**What is expected:** The answer should match the entries that follow exactly, except that no image appears in it.

Exercise input below:

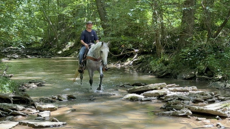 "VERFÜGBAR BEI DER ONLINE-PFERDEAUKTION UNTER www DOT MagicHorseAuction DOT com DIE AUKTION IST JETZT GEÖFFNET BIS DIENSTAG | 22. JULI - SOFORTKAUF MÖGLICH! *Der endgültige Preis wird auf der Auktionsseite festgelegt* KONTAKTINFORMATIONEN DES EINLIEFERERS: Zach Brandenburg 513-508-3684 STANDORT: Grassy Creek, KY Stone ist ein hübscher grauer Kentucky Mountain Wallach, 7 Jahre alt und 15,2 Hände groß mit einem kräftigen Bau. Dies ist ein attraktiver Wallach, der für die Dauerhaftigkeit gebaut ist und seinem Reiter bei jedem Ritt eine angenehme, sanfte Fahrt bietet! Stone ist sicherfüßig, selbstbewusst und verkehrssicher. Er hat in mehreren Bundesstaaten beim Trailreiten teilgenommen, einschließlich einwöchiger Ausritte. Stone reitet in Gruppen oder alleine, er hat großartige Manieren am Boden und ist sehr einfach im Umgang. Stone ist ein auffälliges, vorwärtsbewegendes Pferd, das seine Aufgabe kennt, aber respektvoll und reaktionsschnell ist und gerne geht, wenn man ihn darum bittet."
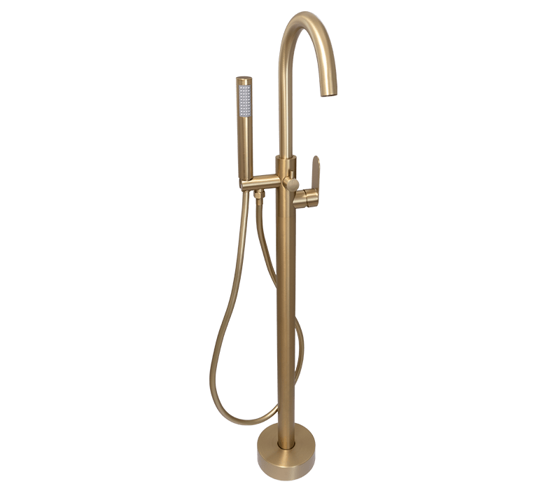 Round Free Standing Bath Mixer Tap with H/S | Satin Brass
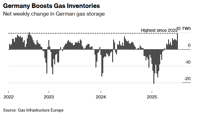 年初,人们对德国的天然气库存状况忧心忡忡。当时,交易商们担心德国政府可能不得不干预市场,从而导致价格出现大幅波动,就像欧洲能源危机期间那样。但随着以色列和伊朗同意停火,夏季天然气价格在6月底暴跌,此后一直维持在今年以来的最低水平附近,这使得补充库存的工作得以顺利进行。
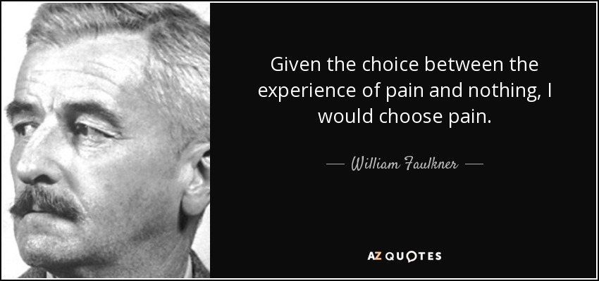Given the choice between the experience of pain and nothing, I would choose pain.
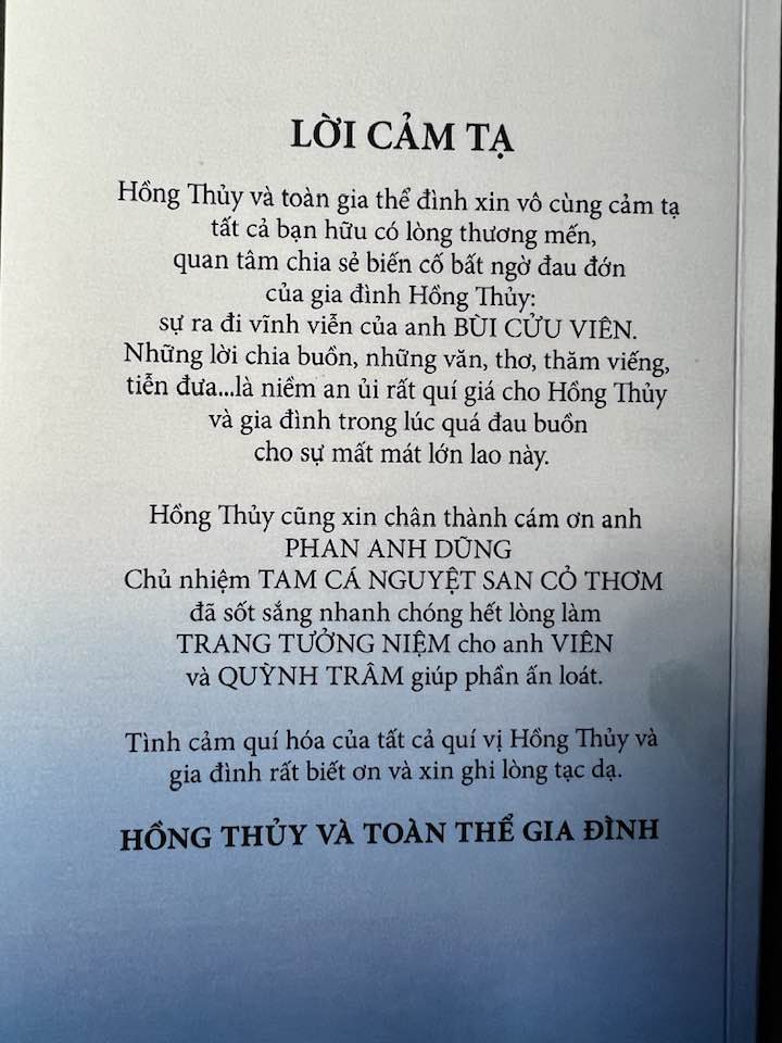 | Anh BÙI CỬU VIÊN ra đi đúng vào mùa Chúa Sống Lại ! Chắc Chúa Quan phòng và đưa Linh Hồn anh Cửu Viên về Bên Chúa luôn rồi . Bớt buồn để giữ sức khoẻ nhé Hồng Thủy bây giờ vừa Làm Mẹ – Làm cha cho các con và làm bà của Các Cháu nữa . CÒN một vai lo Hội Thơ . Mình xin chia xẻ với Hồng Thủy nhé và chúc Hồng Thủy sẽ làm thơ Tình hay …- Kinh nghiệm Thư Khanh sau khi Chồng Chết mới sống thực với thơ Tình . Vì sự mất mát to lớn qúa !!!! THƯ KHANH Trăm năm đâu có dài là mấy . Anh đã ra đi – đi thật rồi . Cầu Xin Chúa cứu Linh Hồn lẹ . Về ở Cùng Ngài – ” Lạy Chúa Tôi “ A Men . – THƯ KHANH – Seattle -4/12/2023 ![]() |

End of Exercise input.

**Written response:**
 "VERFÜGBAR BEI DER ONLINE-PFERDEAUKTION UNTER www DOT MagicHorseAuction DOT com DIE AUKTION IST JETZT GEÖFFNET BIS DIENSTAG | 22. JULI - SOFORTKAUF MÖGLICH! *Der endgültige Preis wird auf der Auktionsseite festgelegt* KONTAKTINFORMATIONEN DES EINLIEFERERS: Zach Brandenburg 513-508-3684 STANDORT: Grassy Creek, KY Stone ist ein hübscher grauer Kentucky Mountain Wallach, 7 Jahre alt und 15,2 Hände groß mit einem kräftigen Bau. Dies ist ein attraktiver Wallach, der für die Dauerhaftigkeit gebaut ist und seinem Reiter bei jedem Ritt eine angenehme, sanfte Fahrt bietet! Stone ist sicherfüßig, selbstbewusst und verkehrssicher. Er hat in mehreren Bundesstaaten beim Trailreiten teilgenommen, einschließlich einwöchiger Ausritte. Stone reitet in Gruppen oder alleine, er hat großartige Manieren am Boden und ist sehr einfach im Umgang. Stone ist ein auffälliges, vorwärtsbewegendes Pferd, das seine Aufgabe kennt, aber respektvoll und reaktionsschnell ist und gerne geht, wenn man ihn darum bittet."
 Round Free Standing Bath Mixer Tap with H/S | Satin Brass
 年初,人们对德国的天然气库存状况忧心忡忡。当时,交易商们担心德国政府可能不得不干预市场,从而导致价格出现大幅波动,就像欧洲能源危机期间那样。但随着以色列和伊朗同意停火,夏季天然气价格在6月底暴跌,此后一直维持在今年以来的最低水平附近,这使得补充库存的工作得以顺利进行。
Given the choice between the experience of pain and nothing, I would choose pain.
 | Anh BÙI CỬU VIÊN ra đi đúng vào mùa Chúa Sống Lại ! Chắc Chúa Quan phòng và đưa Linh Hồn anh Cửu Viên về Bên Chúa luôn rồi . Bớt buồn để giữ sức khoẻ nhé Hồng Thủy bây giờ vừa Làm Mẹ – Làm cha cho các con và làm bà của Các Cháu nữa . CÒN một vai lo Hội Thơ . Mình xin chia xẻ với Hồng Thủy nhé và chúc Hồng Thủy sẽ làm thơ Tình hay …- Kinh nghiệm Thư Khanh sau khi Chồng Chết mới sống thực với thơ Tình . Vì sự mất mát to lớn qúa !!!! THƯ KHANH Trăm năm đâu có dài là mấy . Anh đã ra đi – đi thật rồi . Cầu Xin Chúa cứu Linh Hồn lẹ . Về ở Cùng Ngài – ” Lạy Chúa Tôi “ A Men . – THƯ KHANH – Seattle -4/12/2023 ![]() |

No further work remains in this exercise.